WHAT YOU ARE ASKED TO DO
Everything from the line with "В комплекте 8" to the line with "5.5帖(2階)・洋室 7.2帖(2階) |" in the listing below, both lines included, needs to be copied exactly, apart from the pictures.

SUPPLIED RECORDS
+ + + + + + +
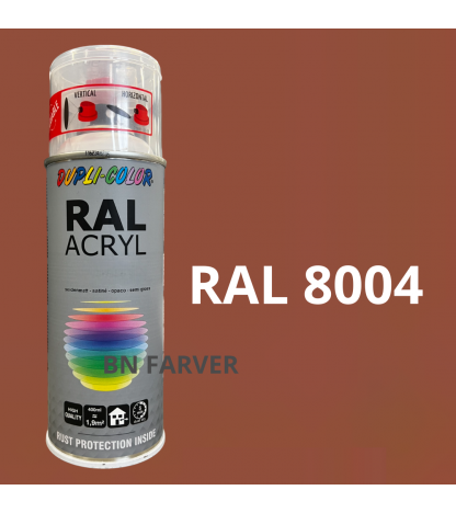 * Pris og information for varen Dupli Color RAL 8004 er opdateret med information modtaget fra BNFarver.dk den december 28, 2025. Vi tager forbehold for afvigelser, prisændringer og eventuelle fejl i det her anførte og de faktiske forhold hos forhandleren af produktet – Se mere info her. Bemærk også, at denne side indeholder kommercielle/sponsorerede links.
+ + + + + + +
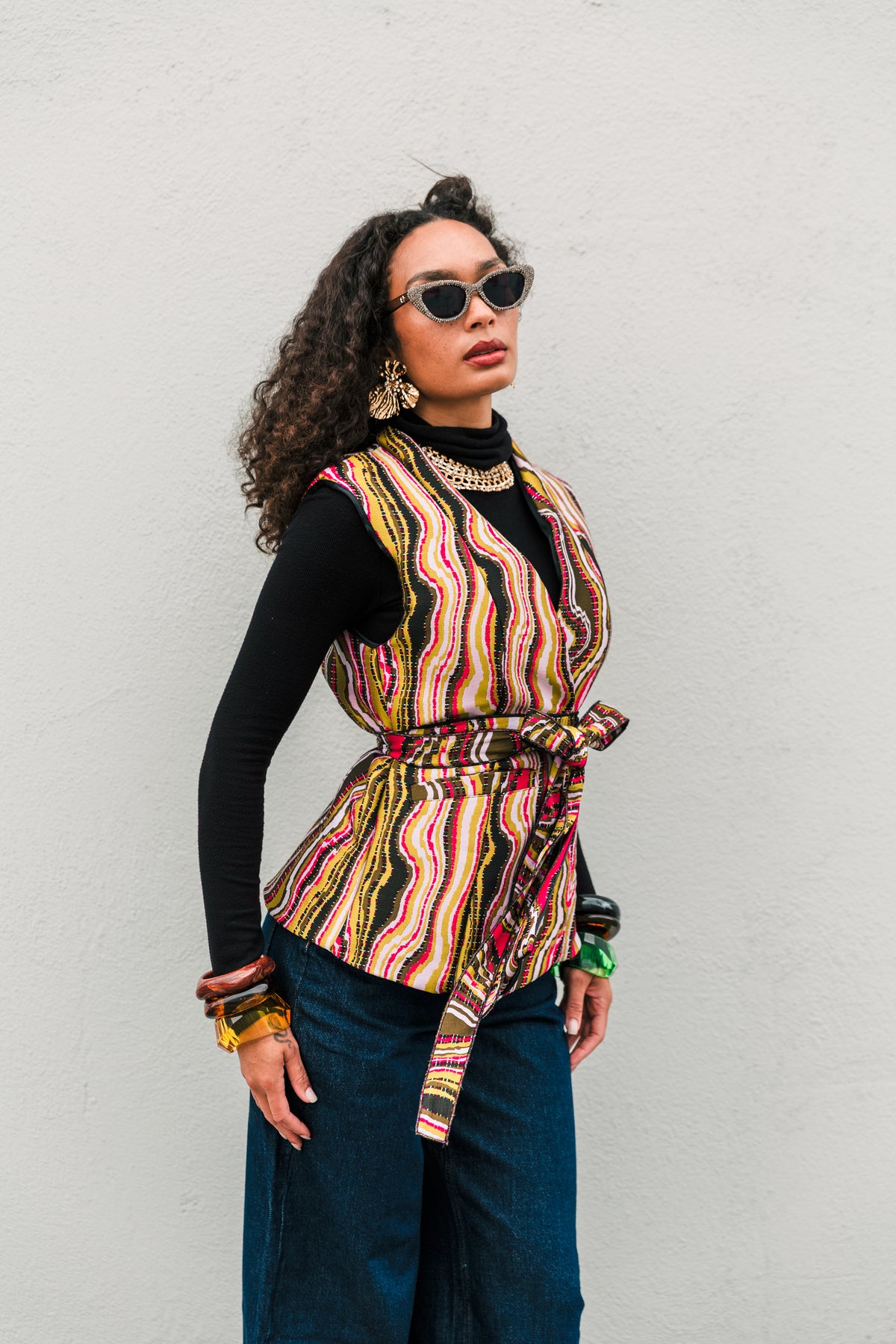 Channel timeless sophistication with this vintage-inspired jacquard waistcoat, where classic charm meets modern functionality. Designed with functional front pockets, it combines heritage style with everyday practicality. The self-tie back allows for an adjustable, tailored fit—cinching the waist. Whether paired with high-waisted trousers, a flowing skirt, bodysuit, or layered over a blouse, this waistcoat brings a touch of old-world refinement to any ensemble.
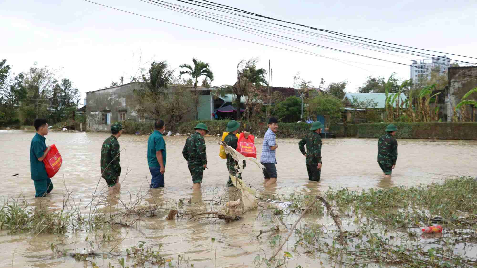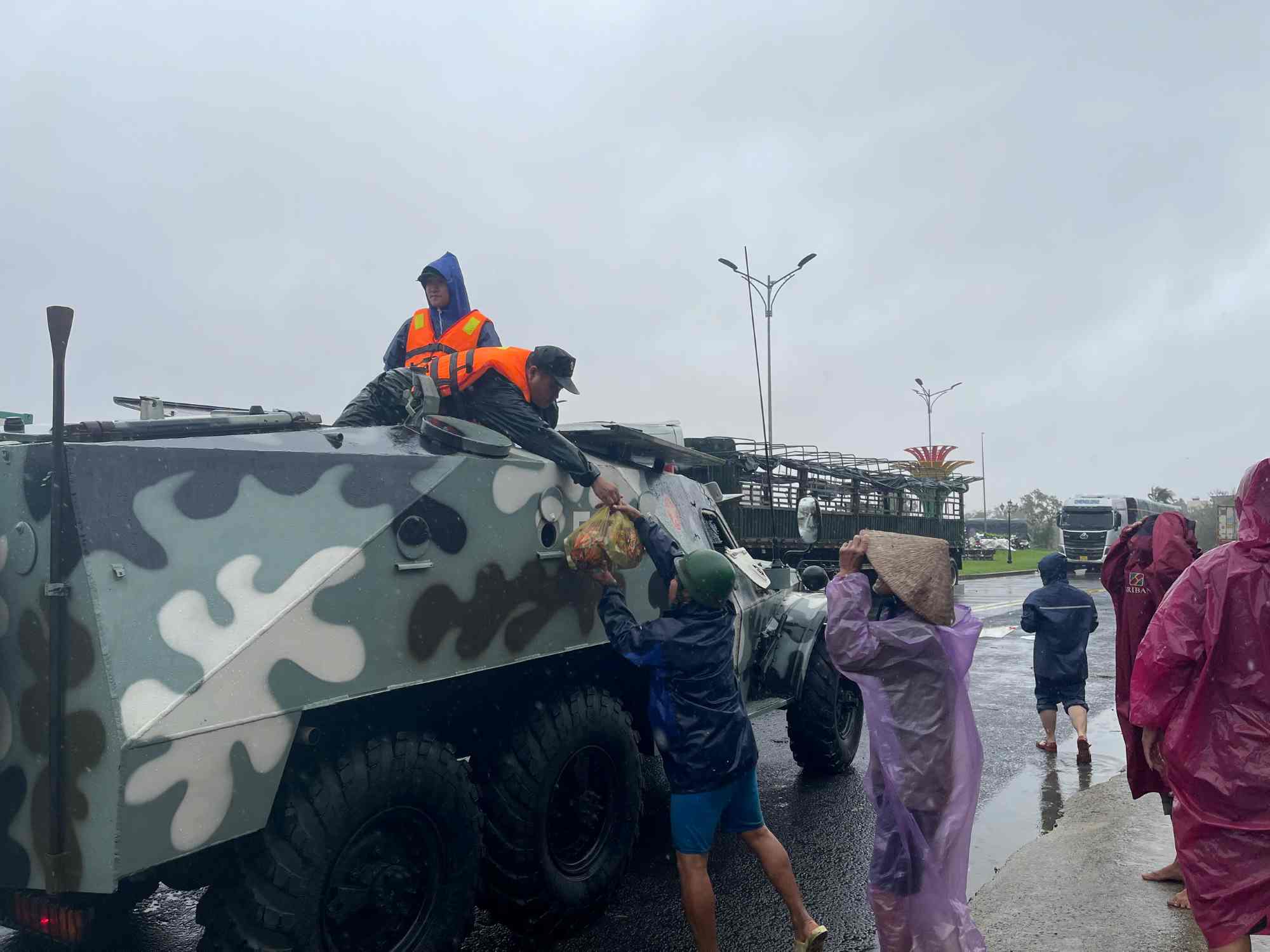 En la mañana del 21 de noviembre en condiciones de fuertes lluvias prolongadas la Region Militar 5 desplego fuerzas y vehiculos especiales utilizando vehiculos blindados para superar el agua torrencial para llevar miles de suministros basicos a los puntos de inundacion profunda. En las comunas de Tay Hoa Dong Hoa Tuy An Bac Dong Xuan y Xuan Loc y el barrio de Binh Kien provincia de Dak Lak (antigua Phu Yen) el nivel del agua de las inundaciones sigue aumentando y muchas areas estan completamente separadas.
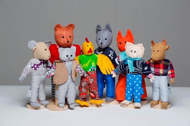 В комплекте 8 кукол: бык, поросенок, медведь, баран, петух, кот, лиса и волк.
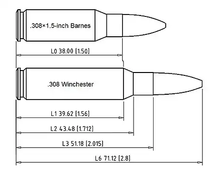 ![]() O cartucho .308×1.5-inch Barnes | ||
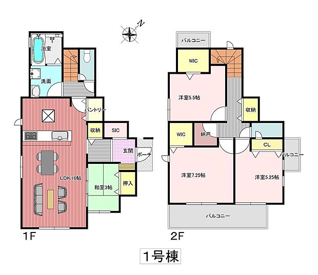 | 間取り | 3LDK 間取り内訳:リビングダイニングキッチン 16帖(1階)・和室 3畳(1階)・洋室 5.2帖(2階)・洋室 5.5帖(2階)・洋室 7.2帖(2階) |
+ + + + + + +
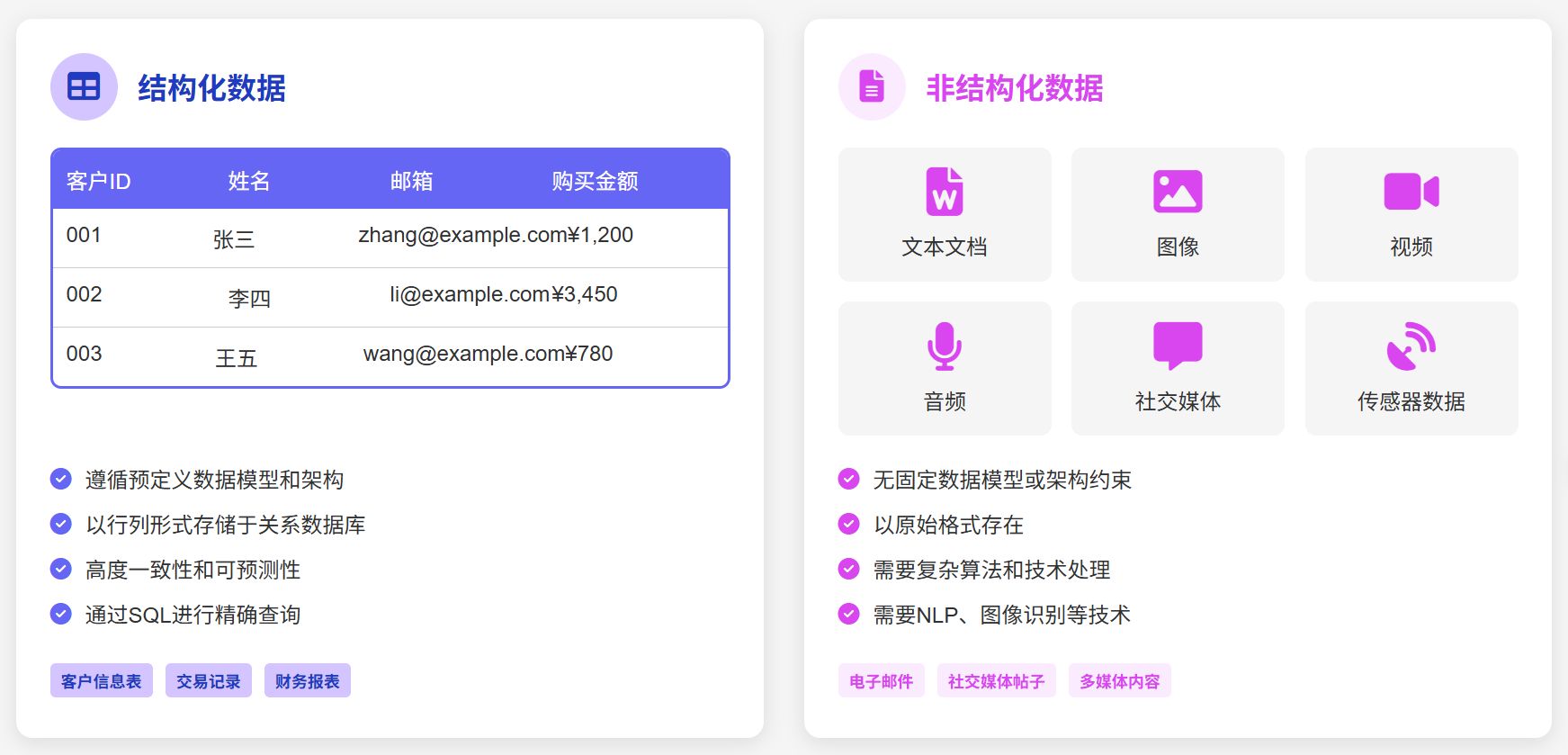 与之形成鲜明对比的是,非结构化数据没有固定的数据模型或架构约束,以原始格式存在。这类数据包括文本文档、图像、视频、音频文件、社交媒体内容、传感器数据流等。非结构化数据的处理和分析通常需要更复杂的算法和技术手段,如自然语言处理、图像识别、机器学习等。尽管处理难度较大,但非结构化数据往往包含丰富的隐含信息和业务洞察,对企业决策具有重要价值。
+ + + + + + +
COMPLETED TASK
 В комплекте 8 кукол: бык, поросенок, медведь, баран, петух, кот, лиса и волк.
 ![]() O cartucho .308×1.5-inch Barnes | ||
 | 間取り | 3LDK 間取り内訳:リビングダイニングキッチン 16帖(1階)・和室 3畳(1階)・洋室 5.2帖(2階)・洋室 5.5帖(2階)・洋室 7.2帖(2階) |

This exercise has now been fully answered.